First Street, between Redondo and Kennebec avenues, is perhaps the most elegant stretch of road in all of Long Beach. The extra-wide palm-lined drive in Bluff Park has been home to some great names in Long Beach, including members of the Buffum family, Gov. Frank Merriam and one-time dean of Long Beach attorneys Roland Swaffield.
Swaffield’s former residence, at First Street and Orizaba Avenue, is perhaps the most gawked-at home among the scores of large and beautiful mansions on the street, and you can move in as soon as your check for $2,749,000 clears.
I noticed your hesitancy, and I won’t argue about the fact that $2,749,000 is a lot of money, but I will maintain that this house is worth it.
We’ll start with its history. The home was built for the Roland Swaffield, his wife and their two daughters, by Hollywoodland architect L. Milton Wolf, who designed and built his own home, the legendary Wolf’s Lair, a somewhat similar-looking Norman castle, in Hollywood Hills overlooking Griffith Park and the Hollywood sign. Through the years the Lair has been owned by people in show biz, including the DJ and musician Moby, who sold it in 2014 for $12.4 million.
Wolf’s design of the Swaffield home in Long Beach inspired a copy, a block to the east, on Paloma Avenue. And a near identical home was built by Wolf on Rossmore Avenue in L.A. near Wilshire Country Club in Hancock Park with an estimated value of about $1 million more than the Long Beach model.
Several years ago, Swaffield’s daughter Nancy reminisced to a local historian about growing up in the house and roller-skating on First Street before cars were allowed on it, cadging ice shavings from the ice man’s delivery truck, playing jacks on the corner and walking with her father and their Great Dane, King, on early evening walks along the bluff.

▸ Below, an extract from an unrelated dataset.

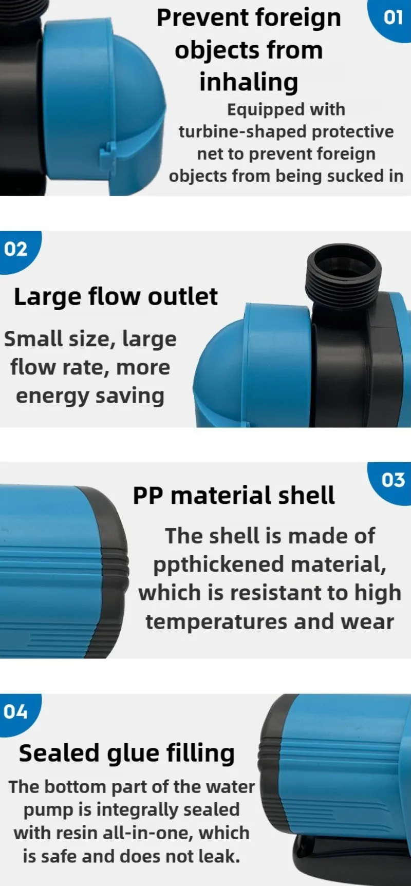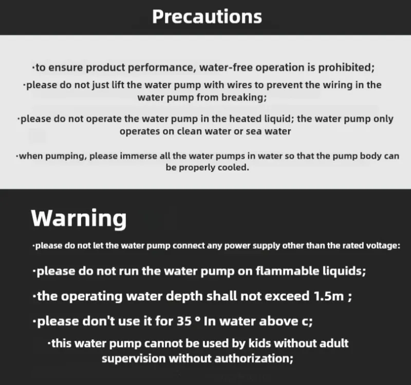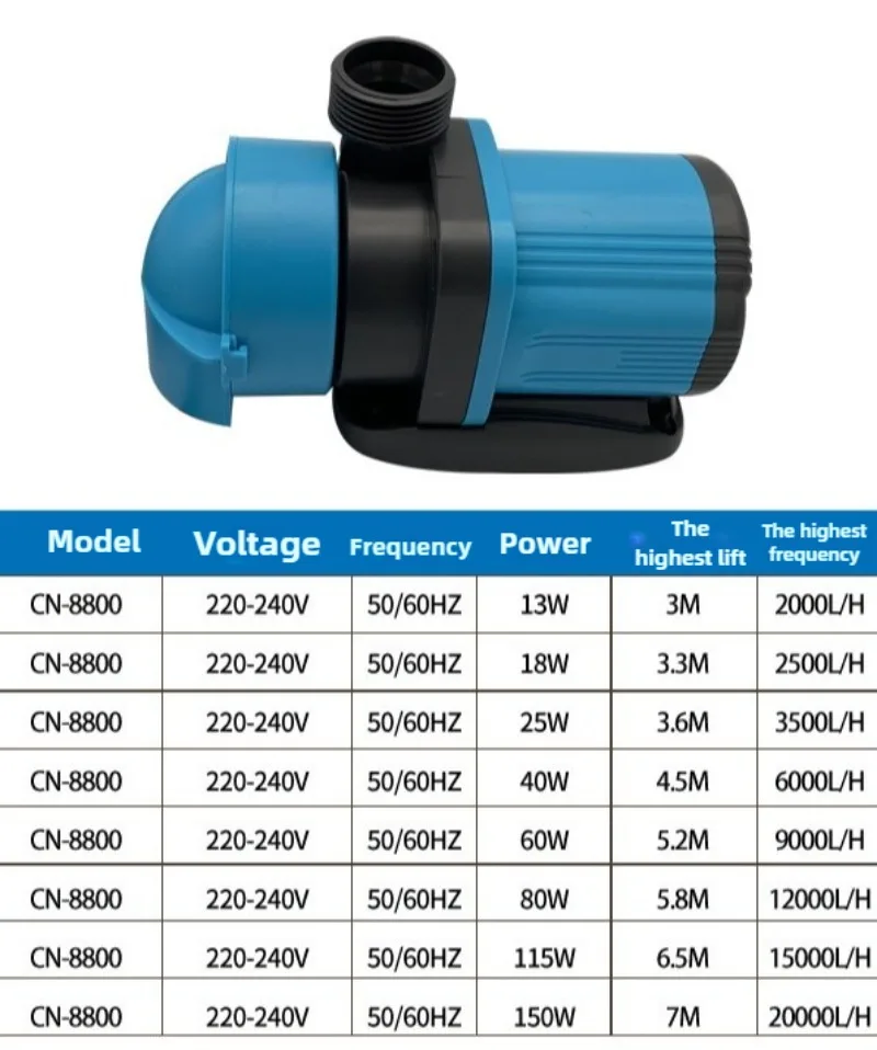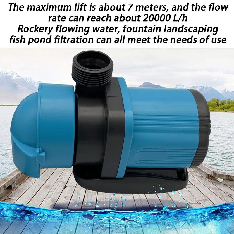 Dirigido hasta unos 7 metros, caudal hasta unos 20000 l/hSe puede utilizar agua corriente rocalla, paisajismo de fuentes y filtración de estanques de peces.Bomba de frecuencia variable de succión inferior ACAdopte un motor sin escobillas de onda sinusoidal para una potencia más fuerteFlujo de agua 10 marchas ajustableSin protección contra el agua, anfibio. Notas: Para garantizar el rendimiento del producto, está prohibido correr sin agua.No solo levante el cable para levantar la bomba, para no romper el cableado interno de la bomba.No haga funcionar la bomba en el líquido calefactor, la bomba solo funciona en agua limpia o de mar.Al bombear, sumerja la bomba en agua para que el cuerpo de la bomba pueda enfriarse adecuadamente. No conecte la bomba a ninguna fuente de alimentación que no sea el voltaje nominal.No opere la bomba con líquidos inflamables. La profundidad operativa del agua no deberá exceder los 1,5 metros: No utilizar en agua a más de 35oC.° C. Esta bomba no puede ser utilizada por niños sin supervisión de un adulto.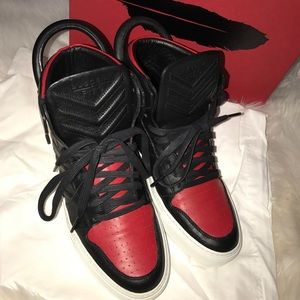Men's black and red leather Ronnie Fieg for Buscemi 110mm Fieg round-toe high-top sneakers with tonal stitching, pull tabs at counters featuring pad lock, keys and clochette, rubber soles and lace-up closure at uppers. Includes box and dust bag. ☄️Euro (38) fits a women's (7.5) “☄️

The house was purchased in 1950 by noted Long Beach physician Dr. Leslie Esposito and his wife Filomena, and the couple made ample use of the 5,409 square-foot home’s four bedrooms and four baths to raise a family of seven kids over the ensuing 65 years in the house. During that time the huge house was the scene of family weddings, holiday gatherings, charity and dinner parties.
Looking at the home’s interior now you can still feel the warmth of those special times as well as the day-to-day activities in the home’s dining room and grand living room, as well as the more functional and friendly family room with its wall of glass looking out onto the backyard pool, brick patio (a lot of bricks gave their lives in the construction of this house) and surrounding landscaped grounds.
On the second floor, reached by a turret stairwell, there’s the master suite with one of the home’s two fireplaces, along with two other en suite bedrooms, one with a partial ocean view.
Also on the quarter-acre lot is a guest house built over the garage.
Throw in a large kitchen, a studious, sober library with custom built-ins and shelving and why are you whining about the price?
“We’ve had a ton of people looking at the place,” says Maggie Odell, who works with the listing agent Sue LaBounty, who specializes in Long Beach’s coastal communities.
The fact that no one has written a check yet is attributable to, sure, the breathtaking price which, to be honest, is a bit more than many would be hoping to spend, particularly for an off-water property. But there’s also a hesitant market right now and the house has been robbed of much of its erstwhile ocean view by its southern neighbor, the Galaxy Tower, built in 1966.
And the buyer will have more money to spend in upgrading the baths and, for sure, the kitchen, which just isn’t fancy or high-tech enough for the sort of wealthy epicurean who will likely move into this house.
But, for the rich, that’s just caviling. The home remains a magnificent castle on a stately street and it is, to employ an overused and frequently hyperbolic real-estate term, just steps from the beach. Hopefully the buyer of this home will enjoy retracing those steps someday with his or her dog and children.